======== DATA
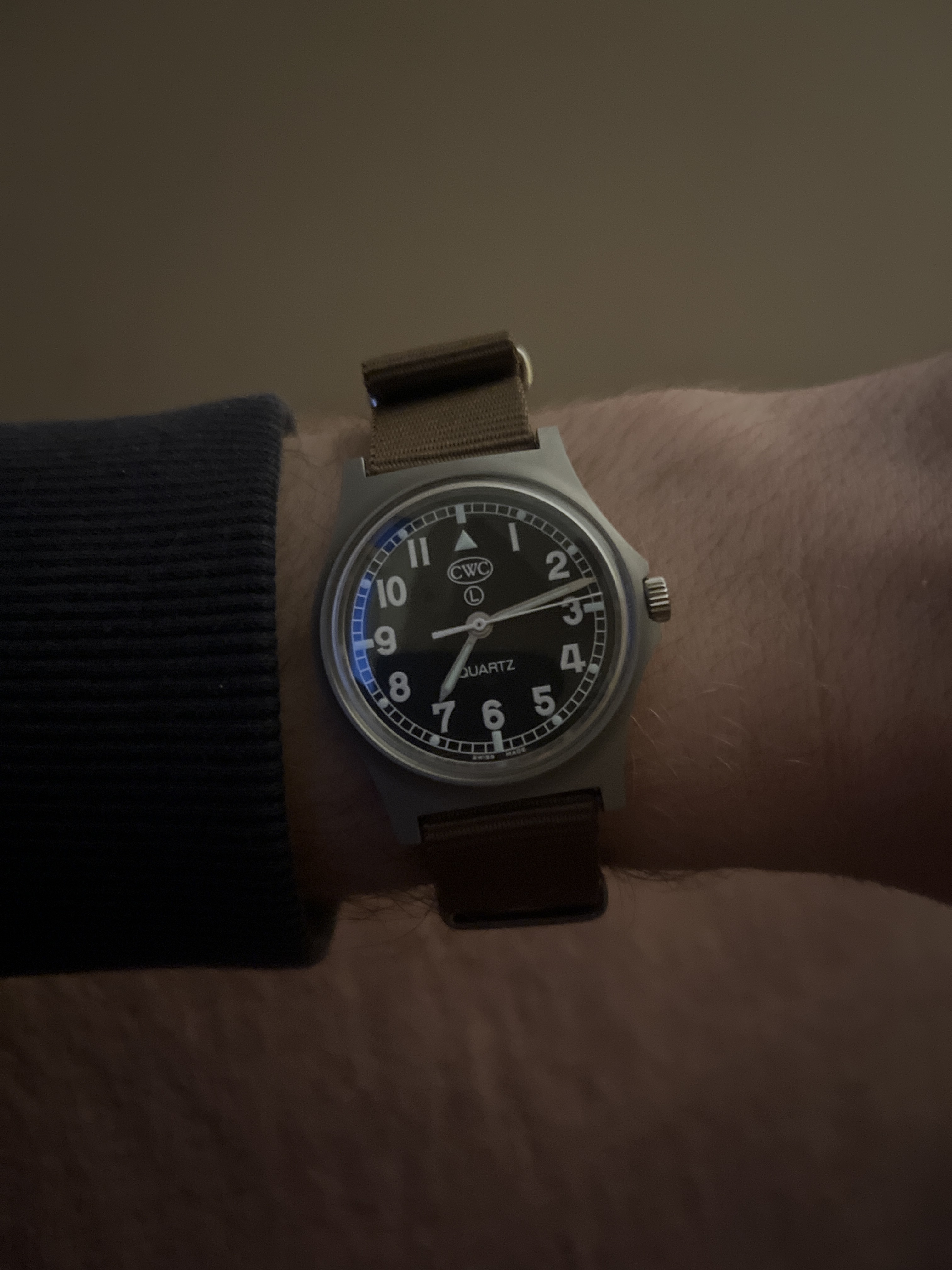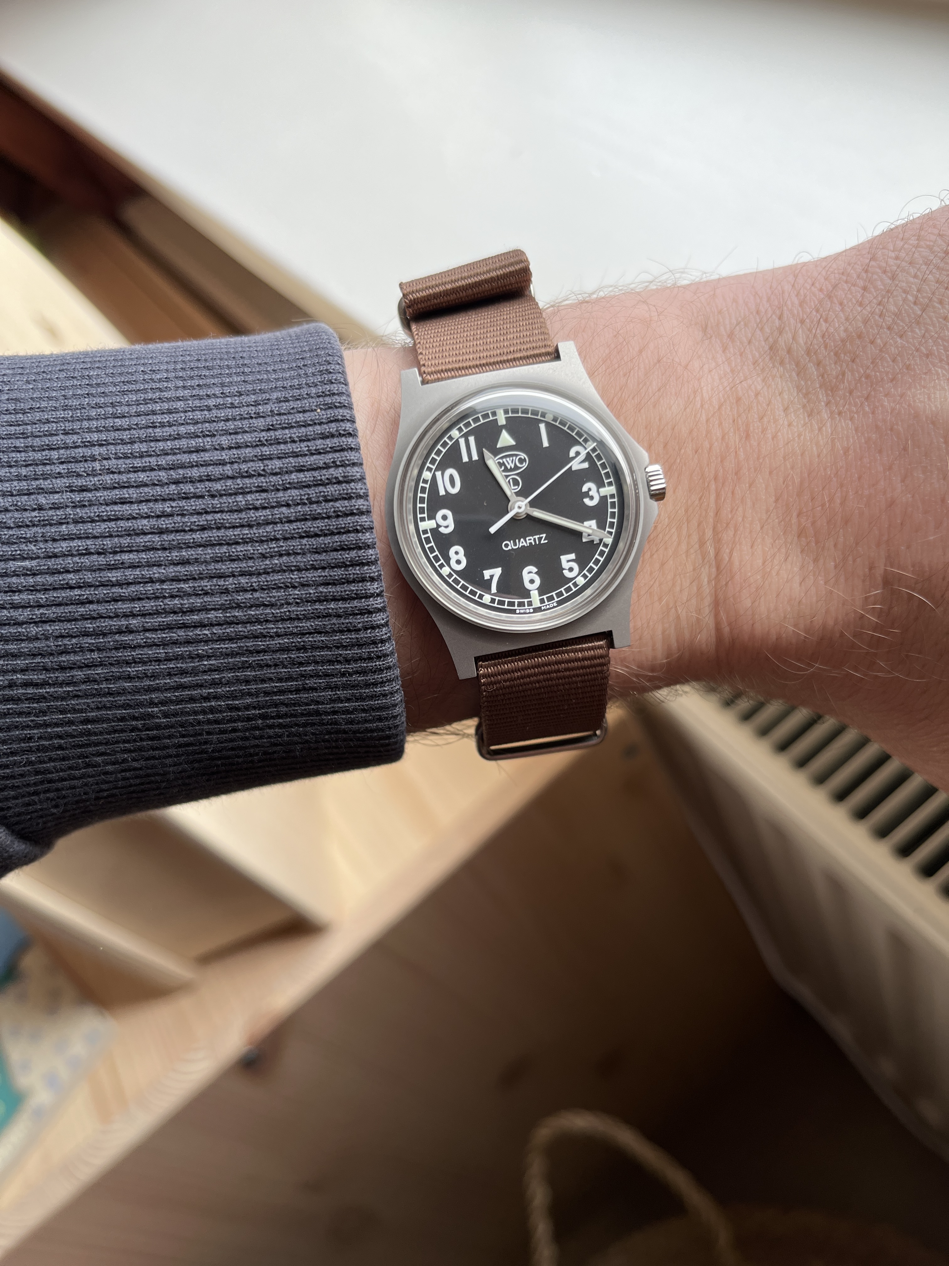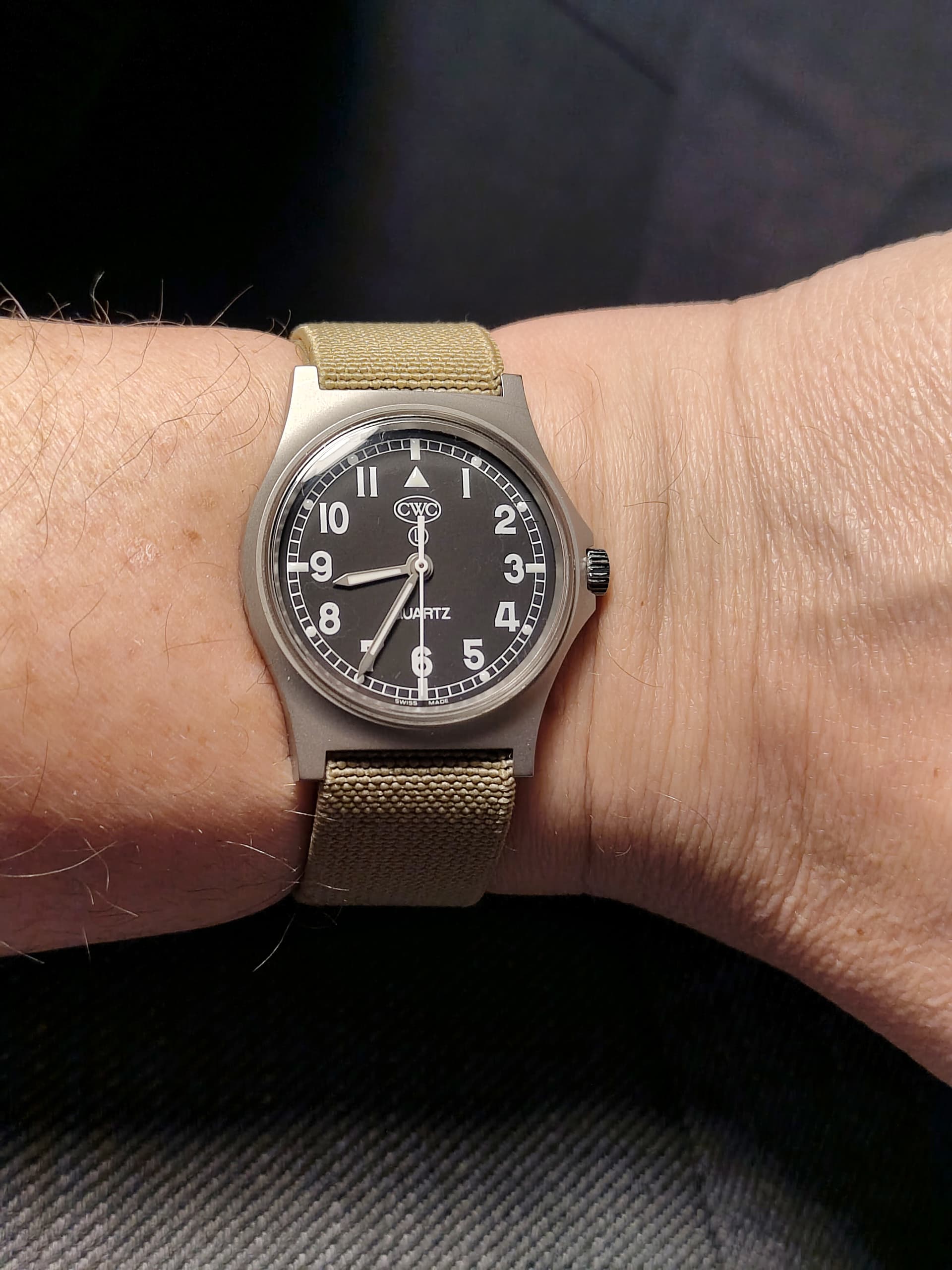 Even cheaten hier, foto van mijn cwc t20 (dus de w10 quartz) maar zoals je mss opmerkt staat die niet op het juiste uur. Dat is hopelijk gewoon omdat er een nieuwe batterij in moet (blijft wel vreemd want volgens het garantie kaartje is het horloge van 10/25, hier op het forum gekocht en de batterij zou toch 3 jaar moeten meegaan?
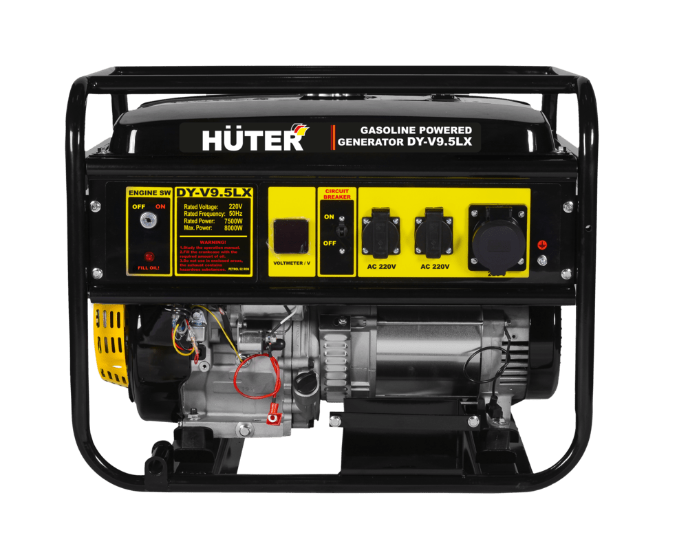 - Máy phát điện HUTER DY-V9.5LX sử dụng động cơ 4 thì dùng nhiên liệu xăng, khí thải thấp.
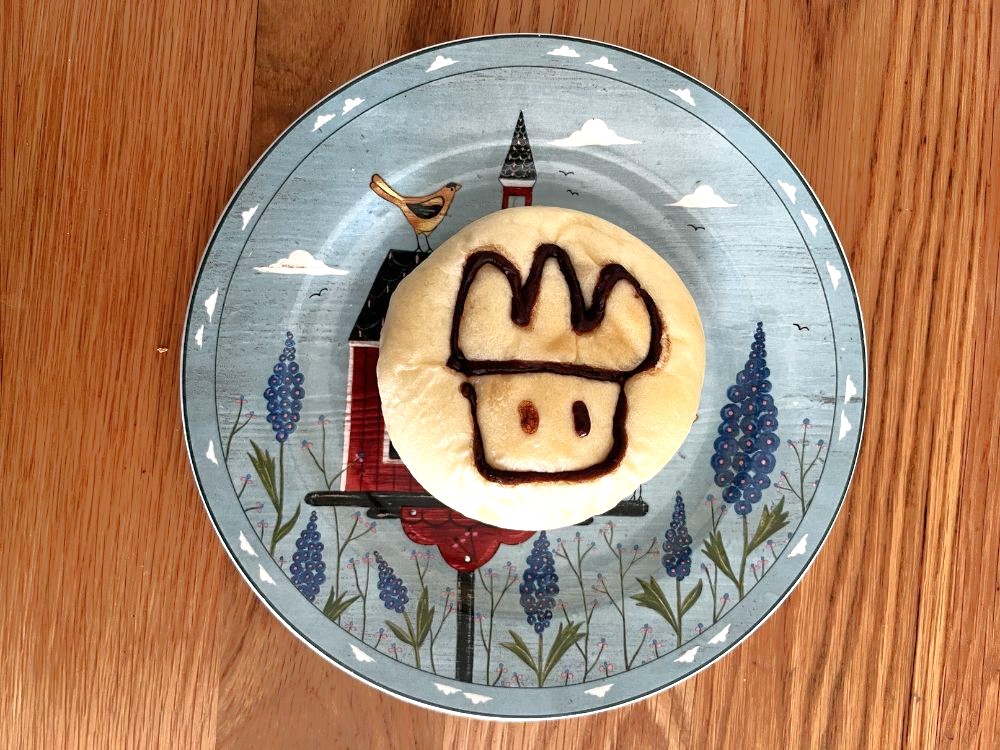 続いて、地元の山田小学校5年2組の子どもたちが考えた、山田小のマスコットキャラクター「もるん」をモチーフにした「もるんパン」をいただきました。
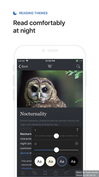 这款应用既保留了维基百科的简洁本质,又融入了趣味元素。其设计美观且无多余干扰,让你能专注于核心内容——阅读文章。你还可以根据自身习惯调整文本大小,并从纯黑、深色、深褐或浅色等主题中选择,打造最舒适的阅读体验。
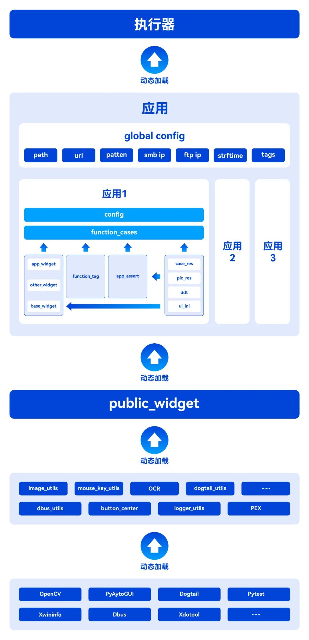 核心封装层提供基础能力,业务层根据实际业务需求(测试用例)动态加载核心封装层,执行层加载相应的用例集并控制执行流程。测试平台可以根据实际测试策略组装配置,通过执行层接口驱动框架完成自动化测试执行。
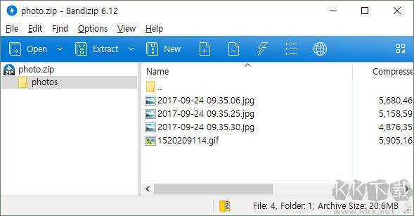 2、當(dāng)檔案中的所有文件都捆綁在一個文件夾中時,它們將被提取到當(dāng)前位置。 在類似下面案例的情況下,在當(dāng)前位置創(chuàng)建“photos”文件夾,并將所有文件提取到該文件夾內(nèi)。
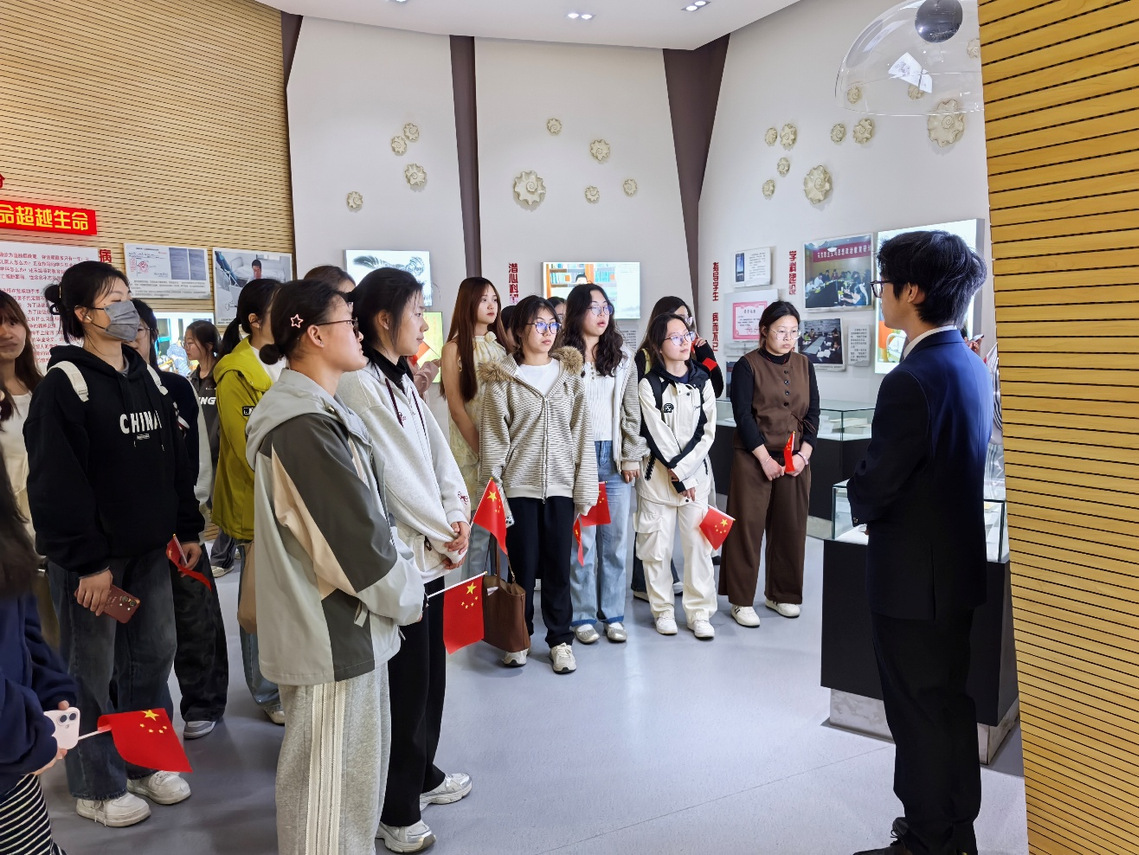 在讲解员的引导下,同学们依次参观了“用信仰托起梦想”“用责任撑起担当”“让使命超越生命”等核心展区。展厅内,一张张珍贵的历史照片、一件件饱含深情的实物展品、一段段感人至深的影像资料,生动再现了王强同志忠诚于党、追求真理、敬业爱生、无私奉献的崇高品格。当听到王强老师在生命最后时刻仍坚持理论研究、笔耕不辍的感人事迹时,现场同学无不动容,深刻感受到一位马克思主义理论工作者对信仰的执着坚守与对教育事业的无限热忱。生物制药25(7)班入党积极分子杜安琪说道:“今天看到王强老师用生命最后的时光坚守讲台和科研,我才明白‘信仰’这两个字的分量。我要脚踏实地钻研专业知识,争取早日成为一名合格的共产党员,在日常学习生活中起到带头作用。”
================
### WORK REQUEST:
Repeat verbatim the lines between the start of the data and the line containing "続いて、地元の山田小学校5年", both ends included, omitting all pictures.

### SOLVED PROBLEM:
 Even cheaten hier, foto van mijn cwc t20 (dus de w10 quartz) maar zoals je mss opmerkt staat die niet op het juiste uur. Dat is hopelijk gewoon omdat er een nieuwe batterij in moet (blijft wel vreemd want volgens het garantie kaartje is het horloge van 10/25, hier op het forum gekocht en de batterij zou toch 3 jaar moeten meegaan?
 - Máy phát điện HUTER DY-V9.5LX sử dụng động cơ 4 thì dùng nhiên liệu xăng, khí thải thấp.
 続いて、地元の山田小学校5年2組の子どもたちが考えた、山田小のマスコットキャラクター「もるん」をモチーフにした「もるんパン」をいただきました。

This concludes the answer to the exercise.